Segundo o Ministério Público do Tocantins (MPTO), o homem cometeu o crime após a vítima descobrir o relacionamento dele com outras duas mulheres. A mulher, que namorava com o condenado há dois meses, resolveu terminar o namoro por causa das traições.
Durante o interrogatório o homem confirmou que na época do crime tinha três namoradas e admitiu que tentou matar a mulher porque suspeitou que ela havia começado um novo relacionamento.
Segundo o MPTO, Leonardo afirmou que “se sentiu traído”, mas a vítima negou e disse que estava solteira. “Inconformado com a suposta ‘traição’ e com a decisão da vítima de romper o namoro, o acusado foi até a sua casa e desferiu diversos golpes de faca pelo seu corpo, tendo ainda feito um “x”, com objetivo de deixá-la marcada”, disse o órgão.
As investigações apontam que no dia anterior o condenado ligou para a ex e fez ameaças dizendo que se ela não ficasse com ele não ficaria com mais ninguém.

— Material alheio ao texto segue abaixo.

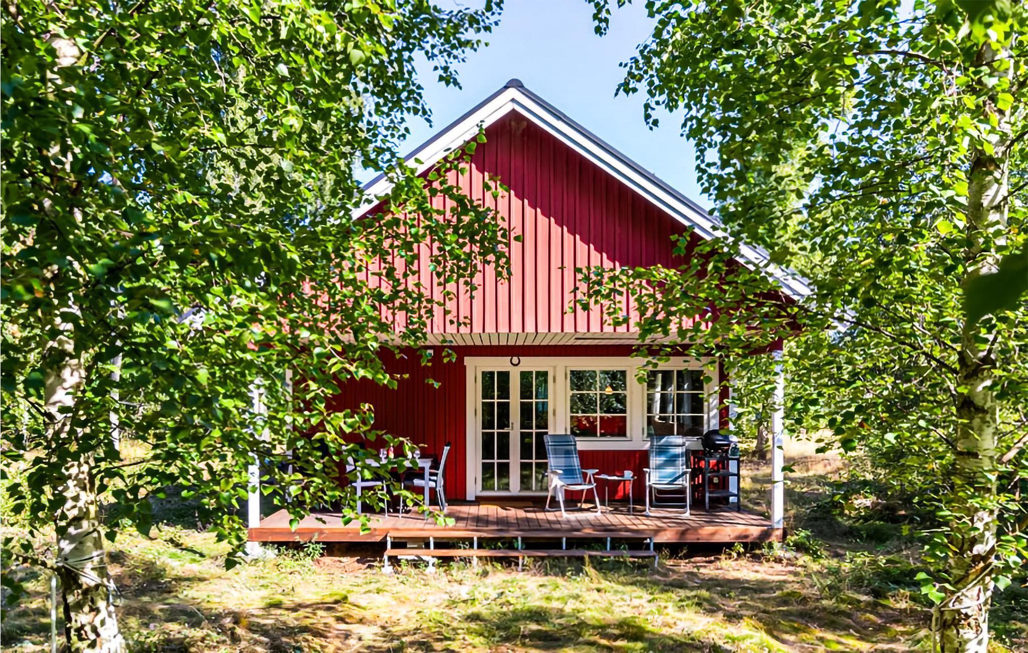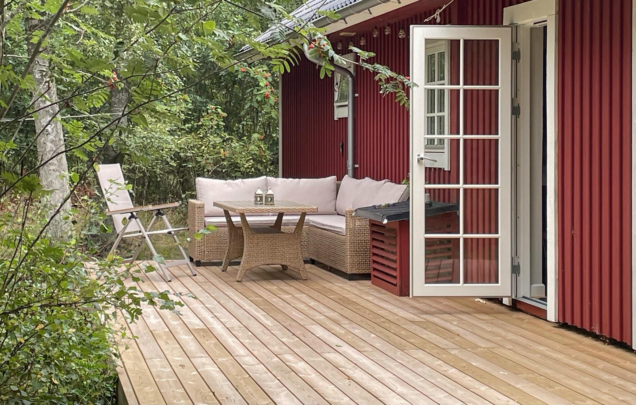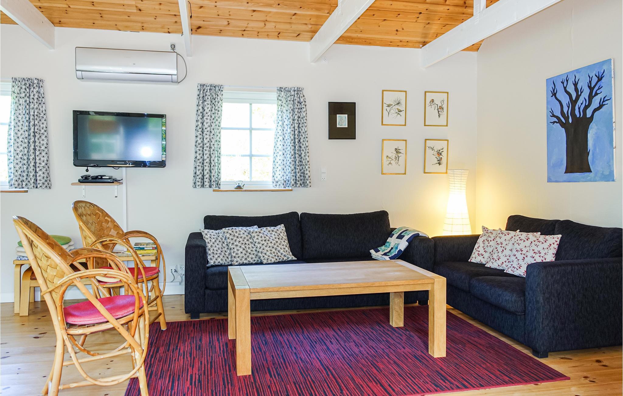 Hyggeligt træsommerhus nær børnevenlig strand med brændeovn, gratis WiFi og overdækket terrasse.

O réu foi condenado por tentativa de homicídio e teve a pena agravada por utilizar recurso que impossibilitou a defesa da vítima e por ter cometido o crime por meio cruel. “Como o crime ocorreu antes de 2015, quando entrou em vigor a lei que instituiu o feminicídio, o Ministério Público não pôde incluir na denúncia a qualificadora de tentativa de feminicídio, o que poderia elevar ainda mais a punição”, explicou o MPTO.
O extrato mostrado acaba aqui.